Na construção escrita, e na expressão através dos gêneros textuais mesmo que tenhamos a ‘romântica’ ideia de que temos liberdade para expressarmos nossas opiniões, nos são impostos muitos discursos a serem seguidos. Fazemos parte de uma sociedade que nos ‘governa’ sob vários aspectos e nos leva a determinadas ações. Os gêneros textuais são instrumentos poderosos para conduzir a máquina sociodiscursiva que constitui os seres sociais.

O professor, no momento em que se dispõe a participar de um programa do quilate que é a Olimpíada de Língua Portuguesa, modifica-se. Sua prática passa a ser conduzida, e ele passa a ter a ‘ilusão’ de que está exercendo o governamento de suas escolhas. De acordo com Rosa e Puzio

[...] a produção dessa nova governamentalidade não ocorre exclusivamente através de poderes opressores e disciplinares, mas também por meio do investimento nos selfs que perpassam a inserção de tecnologias psicológicas amparadas em um conjunto de ações programadas, que agem sob a forma de tarefas, programas, auto análises, rastreamento de potenciais e gerenciamentos, incidindo concomitantemente sobre os indivíduos e sobre a população (2013, p.1).

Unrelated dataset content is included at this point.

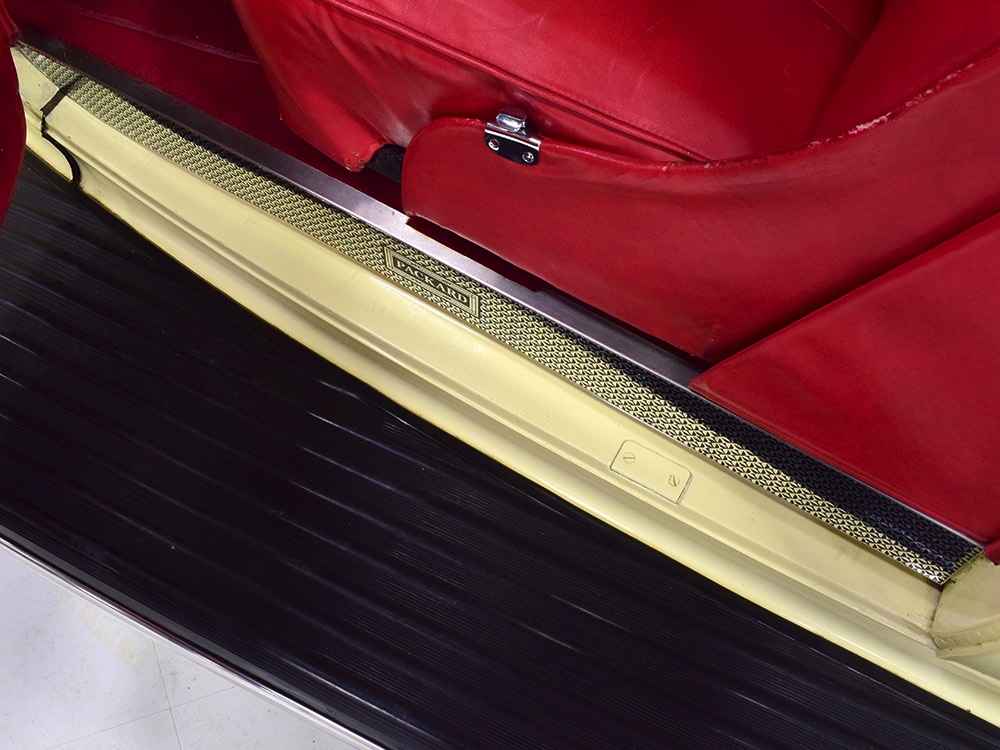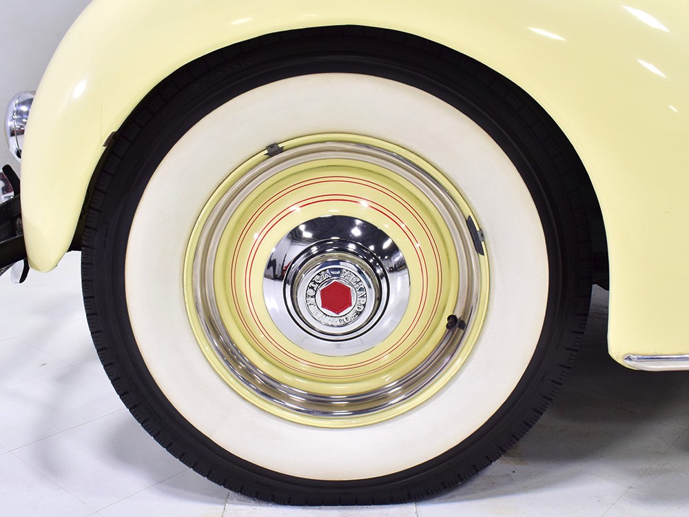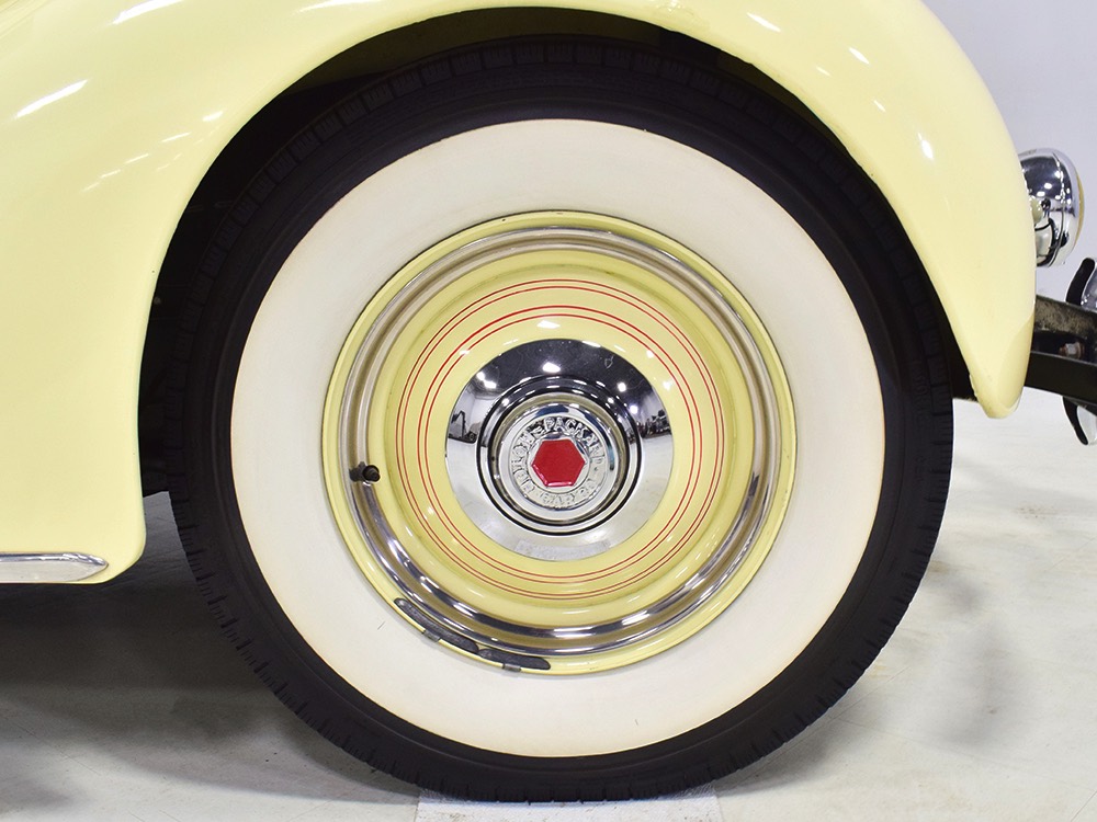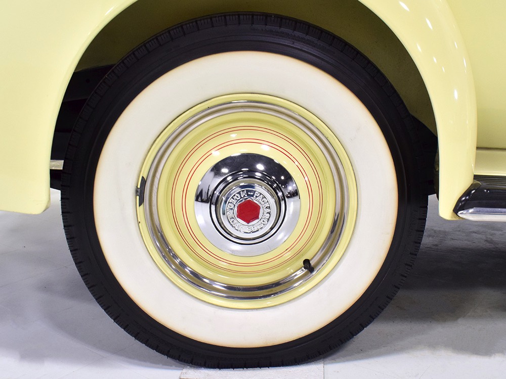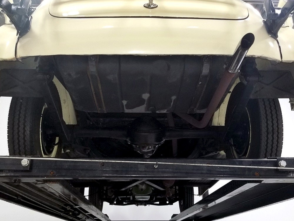The Saf-T-Flex independent front suspension delivers the softy Packard ride that you would expect and the 3-speed manual transmission shifts easily with synchromesh on 2nd and 3rd. The chassis was nicely detailed at the time of restoration but shows the effects of 10,000 tour miles—some grunge but no rust, damage, or issues that need to be addressed. Of note, the engine splash pans are still in place (the often get tossed by lazy mechanics who don't understand their purpose), the springs are still wrapped in factory gaiters, and the familiar Packard hypoid rear axle is canted to allow a lower body line. There are 4.09 gears inside, which give this Packard comfortable cruising speeds with today's traffic. The brakes are firm and plenty adequate for the car's performance and it sits on brand new 700R16 Diamondback wide whitewall radials that completely transform the ride and handling. This is a car that begs you to get out and drive!

O docente na sua função de self vai executando as ações programadas pelo programa. Inicialmente, cabe a ele optar por um gênero textual de acordo com as

turmas que ministra suas aulas e em consonância com os gêneros que contemplam cada série nesse programa.

Dos gêneros textuais contemplados pelo programa Olimpíada de Língua Portuguesa, dediquei-me ao gênero memórias literárias, por ser este o gênero explorado e proposto como desafio para alunos das sétimas séries (8º ano) e por mim (professora de Português) na participação na competição da III Olimpíada de Língua Portuguesa. Construir as memórias literárias como aliada à produção textual com sujeitos de Ensino Fundamental foi um desafio que possibilitou adentrar ao mundo imaginário e da ficção. Por meio desse gênero textual, foi possível conhecer e abordar em sala de aula algumas obras e autores da literatura brasileira que estabeleceram em seus discursos, com os interlocutores, relações de saber interdisciplinar com as áreas de geografia, de história, de artes entre outras.

O programa da Olimpíada de Língua Portuguesa, ao abordar o discurso, o imaginário e a ficção, presentes nas obras de Antônio Gil Neto, Bartolomeu Campos Queirós, Manoel de Barros, Zélia Gattai22, entre outros, me permitiu pensar nos motivos que me levam a pesquisar a expressão escrita a partir do texto literário. De acordo com Rosenfeld, “Dentro deste vasto campo de letras, as belas letras representam um setor restrito. Seu traço distintivo parece ser menos a beleza das letras do que seu caráter fictício ou imaginário” (2009, p.11). Diante disso, apresento o motivo pelo qual aliei expressão escrita à literatura. Penso que memórias literárias relacionam-se, também, ao contexto sócio-histórico que está presente nesse gênero, dando significado à expressão escrita.